In tale contesto, ovviamente il dato preoccupante è segnato dalla disoccupazione giovanile, per cui coloro che hanno un’età fra i venti ed i trent’anni non vedono, molto spesso, una prospettiva di vita dignitosa dinnanzi a loro.
Questi sono, non a caso, i giovani che hanno votato, in stragrande maggioranza, per il NO al referendum voluto da Renzi, a dimostrazione del fatto che il responso di quella competizione è stato molto condizionato da una situazione generale di difficoltà, che il ceto politico vicino al Premier non ha saputo cogliere in tutta la sua gravità.
In tale contingenza, il Governo dovrà assumere decisioni molto forti, per cui è auspicabile che esso sia autorevole ed abbia una base di consenso parlamentare molto ampia, che gli possa consentire di poter guardare con relativo ottimismo alla scadenza prossima della legislatura.
Vorranno i partiti, pertanto, facilitare il lavoro del Presidente della Repubblica, dando un’indicazione su una personalità e su una formula politica, che siano in grado di dare risposte convincenti alle problematiche odierne?
Non si può, invero, scherzare con la solidità dello Stato, perché da questa deriva il futuro dei nostri giovanissimi concittadini.

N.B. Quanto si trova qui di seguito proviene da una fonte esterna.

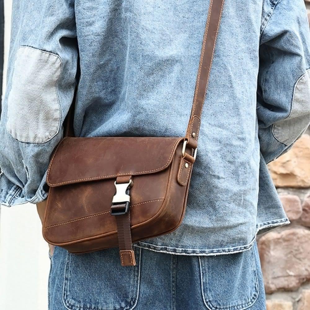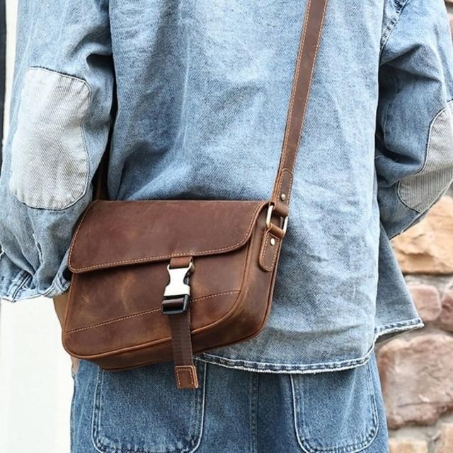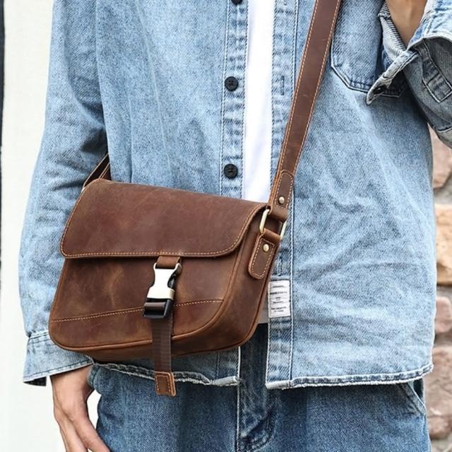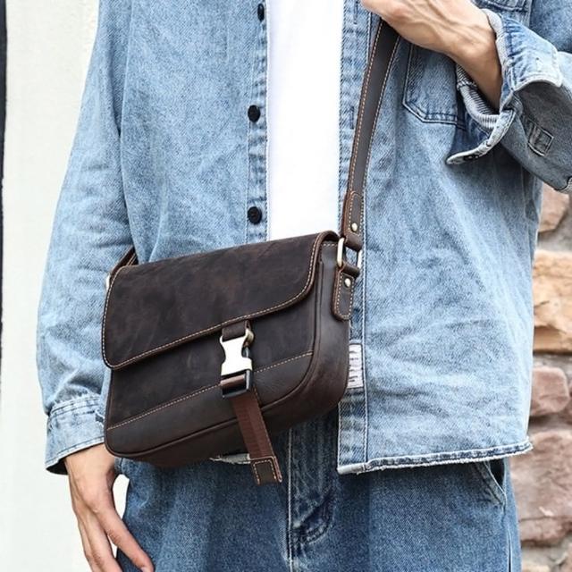 米蘭精品現貨+預購 真牛皮側背包真皮革單肩背包托特包手提包隨身男包包-斜背瘋馬牛皮休閒2色74gv26

Quindi, dopo gli errori rilevantissimi degli ultimi anni, è giusto che chi guiderà il Paese lo faccia in una condizione di consenso, perché questa sarà la migliore premessa per risalire la china.
Ma, sarà possibile ipotizzare un contesto istituzionale di tal fatta o ci si dovrà arrendere agli egoismi faziosi, che mai da nessuna parte hanno condotto le classi dirigenti italiane e, di conseguenza, le masse popolari che dalle prime - inevitabilmente - dipendono?